APF AUTHORIZED: APF stands for A.uthorized P.rogram F.acility. It allows for the system programmer (for those of you who are new to the field, in mainframe-land a system programmer is like a system-administrator) to identify data sets and programs that are allowed to perform sensitive system functions. There are two components to APF authorization. The first is link-editing a module (program) with the AC 1 option set. By using the AC 1 option, we are making the module eligible to be APF authorized. The second component is to place the module into an APF authorized library. APF-authorized programs must reside in one of the following authorized libraries (data set):

  • SYS1.LINKLIB

  • SYS1.SVCLIB

  • SYS1.LPALIB

  • Authorized libraries specified by your installation.


Now that we've got our module properly link-edited and placed in an authorized library, we can move onto PSW key and system state. Normally, the system will run in what's referred to as “problem state”. This means there is a set of instructions that are unavailable. Only when the user is in supervisor state are these privileged instructions available. APF authorized programs are permitted to put the system into supervisor state. THIS IS IMPORTANT ---> APF AUTHORIZED PROGRAMS DO NOT RUN IN SUPERVISOR STATE AUTOMATICALLY! APF AUTHORIZATION ONLY ALLOWS FOR THE SYSTEM TO BE PLACED SUPERVISOR STATE.

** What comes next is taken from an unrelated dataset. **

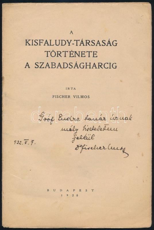 Fischer Vilmos: A Kisfaludy Társaság története a szabadságharcig. Dedi... https://www.darabanth.com/hu/402-Gyorsarveres/402.0/Konyvek/Konyvek-Tortenelem~1500006/Fischer-Vilmos-A-Kisfaludy-Tarsasag-tortenete-a-szabadsagharcig-Dedikalt-Bp-1928-32p-KC3~II2473821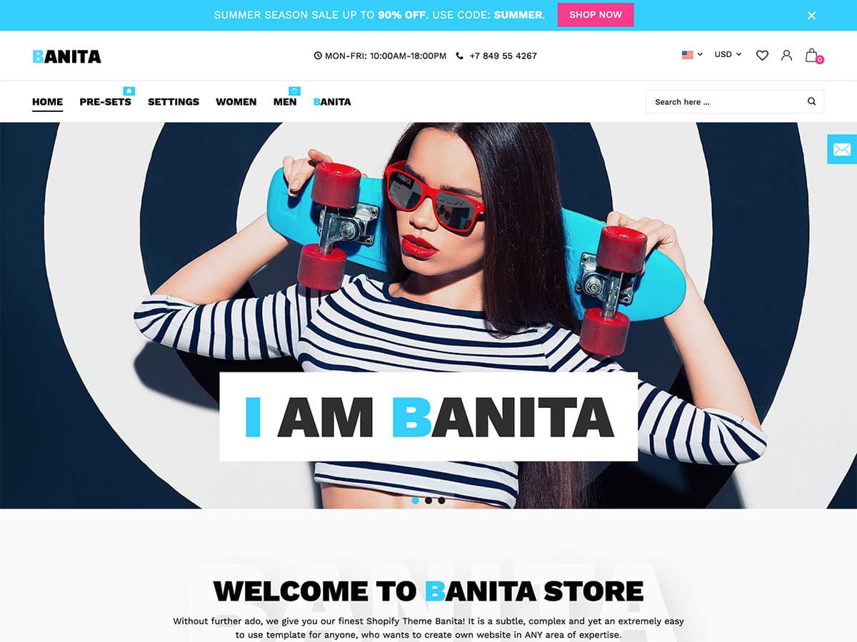 Banita, Shopify ile her türden çevrimiçi mağaza oluşturmak için özelleştirilebilir bir e-ticaret temasıdır.

So now that we're in supervisor state, there's one more thing we need to think about. Every page of storage (a page is 4 kilobytes) has a key associated with it. Keys 0-7 are considered protected, and 8-15 are considered unprotected. If a page of storage is protected, module attempting to access it must be authorized. The system needs to be in supervisor state in order to change the default PSW key from 8 to one that is authorized.

So, let's review. To create a program that is capable of executing privileged instructions and accessing protected storage, it needs to be APF authorized (link edited with the AC 1 option and placed in an APF authorized library), it needs to use the MODESET macro to place the system in supervisor state, and it needs to use the SPKA instruction to change the PSW key to 0-7 (whatever is appropriate).

Well, that's about it. I hope it helps. Here's a link that provides a bit more info if you need it.

13 comments:

  1. Thank you for this awesome blog.
    Good job keep going!

    ReplyDelete
  2. Hello, David!

    Thank you for your blog - it's very useful.
    I have some questions for you about APF authorized programs:

    What is the difference between APF authorized program and common program. Is it only PSW-bits related to security or it's something else?

    And how APF authorized programs are handled by RACF? Are they bypass RACF checking procedures or it's something special case of RACF handling?

    Sorry for my English, hope you understand me ;-)

    Best regards, Alexander.

    ReplyDelete
  3. Hi Alexander,

    Glad you are finding the blog useful!

    The functional difference between an APF authorized program and a "common" one is the former has the ability to put the system into supervisor state, the later doesn't.

    As for how RACF deals with APF authorized programs, can you be more specific?

    -David

    ReplyDelete
  4. Thank you for answer, David.

    About RACF: as far as I know, when program requests some resource, e.g . data set, it makes a call to resource manager which calls RACF to perform access check. While RACF performs check it uses a user profile, that contains user ID, user's password and attributes, and resource profile, that contains data set name, access list etc.

    Also, as I know every program (task) which executes on system inherits profile of user that have launched that task.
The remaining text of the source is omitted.